Geçtiğimiz haftasonu yapılan seçimlerin sonucunu en iyi özetleyen, Uykusuz dergisinin kapağı: Tayyip Erdoğan balkondan “Bunlar şöyle, bunlar böyle” diye haykırırken, bir el “trak” diye balkonu kapatıyor.
AKP yenik, AKP’liler moralsiz.
Merkezi bir çizgileri kalmamış durumda, her biri bir yana savruluyor.
Liderlik ise toparlanmak için her seçeneği hazırlıyor. Bir yandan kimi paçavralar “MHP ile koalisyon” gazı veriyor, eski Türkiye’nin şefi Tayyip Erdoğan gazı alındıktan sonra bir diğer eski Türkiye artığı Deniz Baykal ile buluşuyor, kimi AKP’liler ise “Halkımız sonuçların böyle olacağını bilse AKP’ye oy verirdi” diyerek olası bir genel seçimde %45’in üstüne çıkacaklarını savunuyor.
Doğru değil. İnsanlar tam da sonuçlar böyle çıksın diye oy verdiler ve kısa vadede bunun değişebileceğini düşünmek saflık olur.
AKP’nin kibri, yalanları, her önüne gelen toplumsal kesimi ezebileceğine yönelik boş hayalleri, neoliberal çılgınlığı halk tarafından durduruldu.
Öte yandan, AKP’nin bu yenilgisi CHP’nin başarılı olduğu anlamına gelmiyor. Başarılı olunduğu iddiası, bizzat “emanet oylar” tartışmasıyla HDP’nin siyasetine biçim vermeye çalışan CHP’liler tarafından öne sürülüyor. Bölgelere göre incelendiğinde seçim sonuçları da, kamuoyu araştırmaları da HDP’nin ikiye katladığı oyunun çoğunun AKP tabanından kazanıldığını gösteriyor. Yani CHP, iktidar partisi 9 puan oy kaybetmesine rağmen yerinde saymayı başararak, ulaşılması güç bir başarıya imza attı.

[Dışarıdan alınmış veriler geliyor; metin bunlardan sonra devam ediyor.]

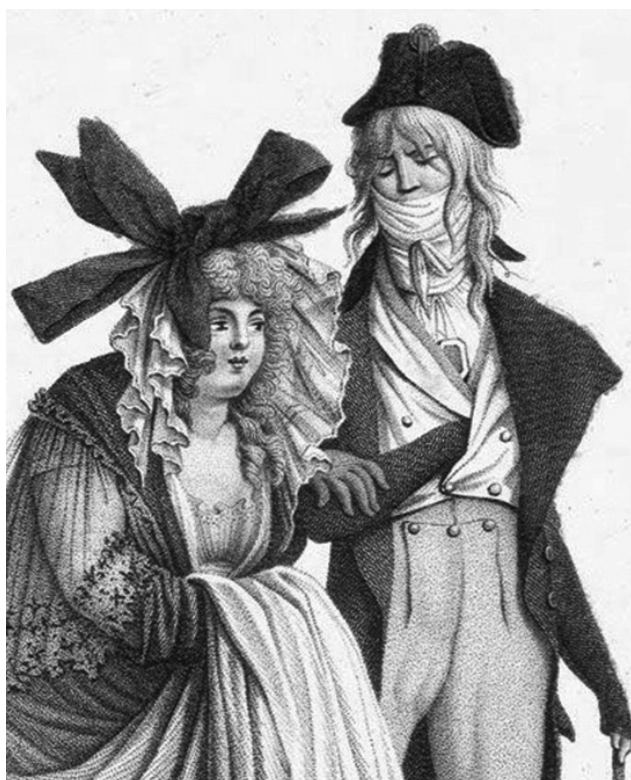
Slika 25: „Incroyables” i „Merveilleuses”
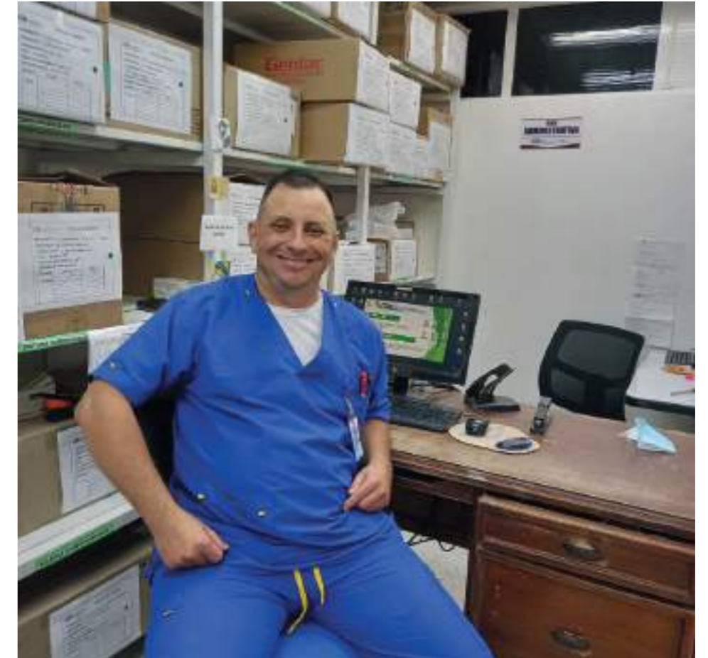
En su lugar de trabajo dispuesto a atender a la gente.
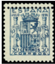
1778 250 €
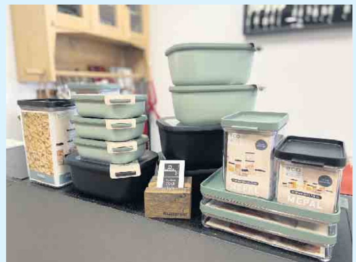
Qualitativ hochwertige Vorratsdosen und Schüsseln von MEPAL
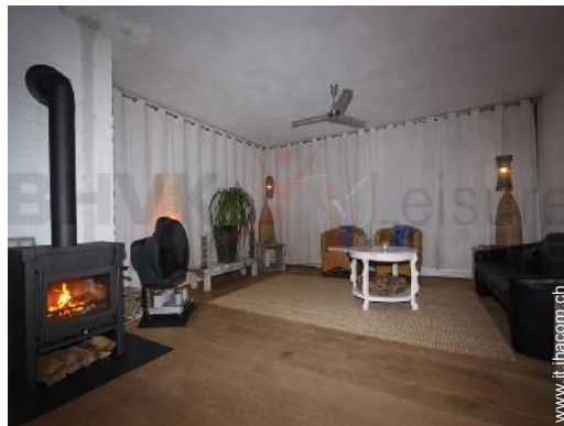
stufa a legna
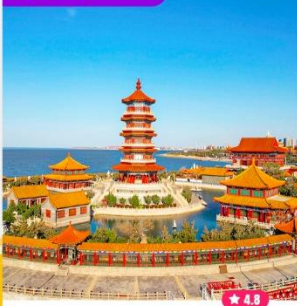
Tham quan Bát Tiên Quá Hải
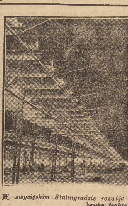
W swyckim Stalingradzie rozwija się pokojowa praca. Oto wielka fabryka traktorów

SOFIA, 18.11 (PAP). — Minister spraw wewnętrznych Antoni Jugow zakomunikował na zgromadzeniu Frontu Ojczyźnianego, że premier rządu jugosłowiańskiego marszałek Tito przybędzie wkrótce do Bułgarii na czele jugosłowiańskiej delegacji rządowej. Podczas pobytu marszałka Tito w Sofii podpisany zostanie jugosłowiańsko-bułgarski pakt przyjaźni i pomocy wzajemnej, który został opracowany podczas wizyty premiera bułgarskiego Dymitrowa w lipcu br.
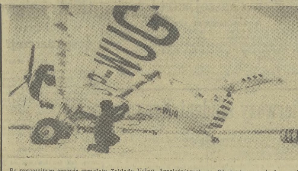
Po pracowitym sezonie samoloty Zakładu Usług Agrolotniczych w Olsztynie przechodzą w bazy generalny przegląd i zabiegi konserwacyjne.

W poniedziałek sąd we Florencji uwolnił — „z braku dowodów“ — jednego z przywódców mafii, Franks Coppole „Trzy Palce“ z zarzutów zorganizowania w 1973 r. próby zabójstwa prefekta, Angelo Magbano. Coppola (jego przydomek pochodził stąd, że kula rewolwerowa urwała mu 2 palce) został oskarżony o zorganizowanie zamachu i wynajęcie 2 zabójców.
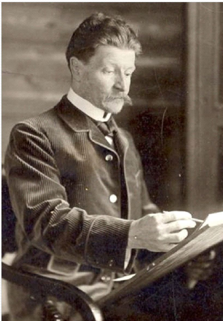
Михаил Александрович Врубель (1856 – 1910)
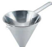
⑤UK 18-8 パンチング スープ漉
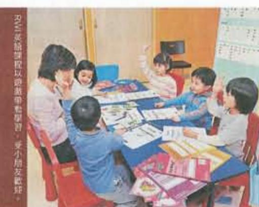
RWI英語課程以遊戲學習，受小朋友歡迎。
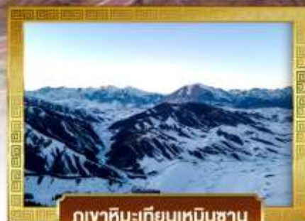
ภูเขาหิมะเทียนเหมินซาน

เดินทางโดยสายการบินโซน่าชาท์เทิร์นแอร์ไลน์
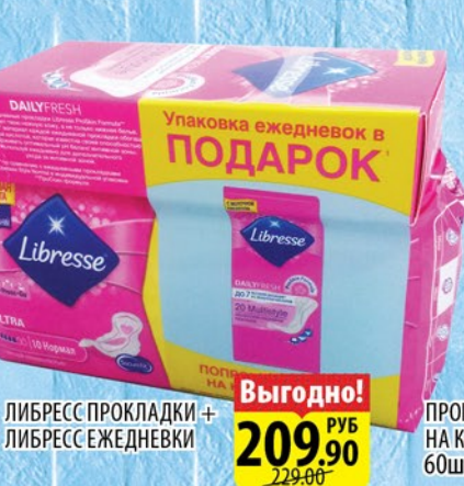
ЛИБРЕСС ПРОКЛАДКИ + ЛИБРЕСС ЕЖЕДНЕВКИ
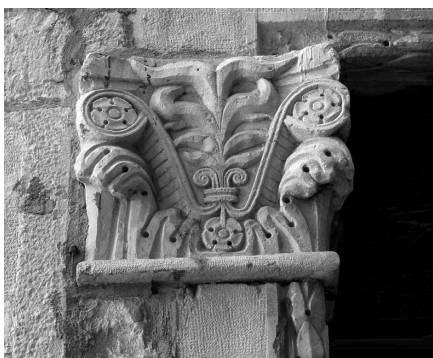
Split, kapitel portala palače Grisogono
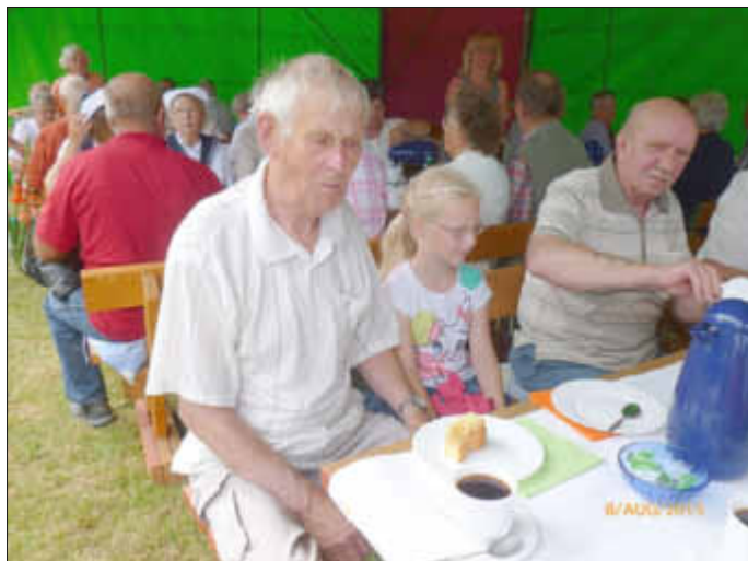
Kaffee getrunken, erzählt, sich amüsiert
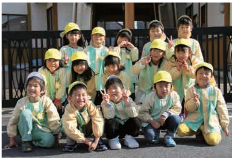
城辺保育所 きりん組
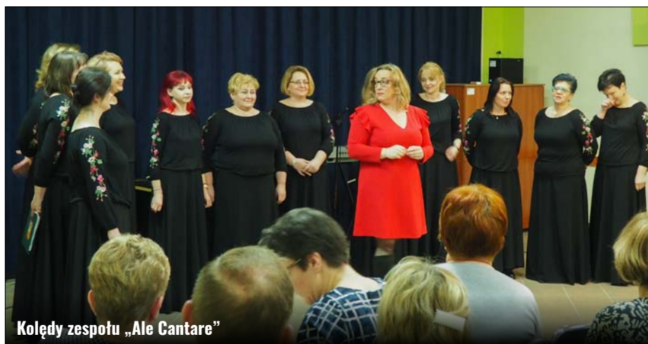
Kolędy zespołu „Ale Cantare”

Bu nedenle, seçim sonuçları şu eksende okunmalı:
1- Seçmenin verdiği “mesajın” Erdoğan-Baykal görüşmesi ve neoliberal Kemal Derviş takviyesiyle devam edilmesi olduğunu düşünenler tarihin çöplüğünü boylarlar.
2- Oluşan tablodan “çözüm süreci karşıtlığı” çıktığını düşünenlerin de akıbeti benzer olur.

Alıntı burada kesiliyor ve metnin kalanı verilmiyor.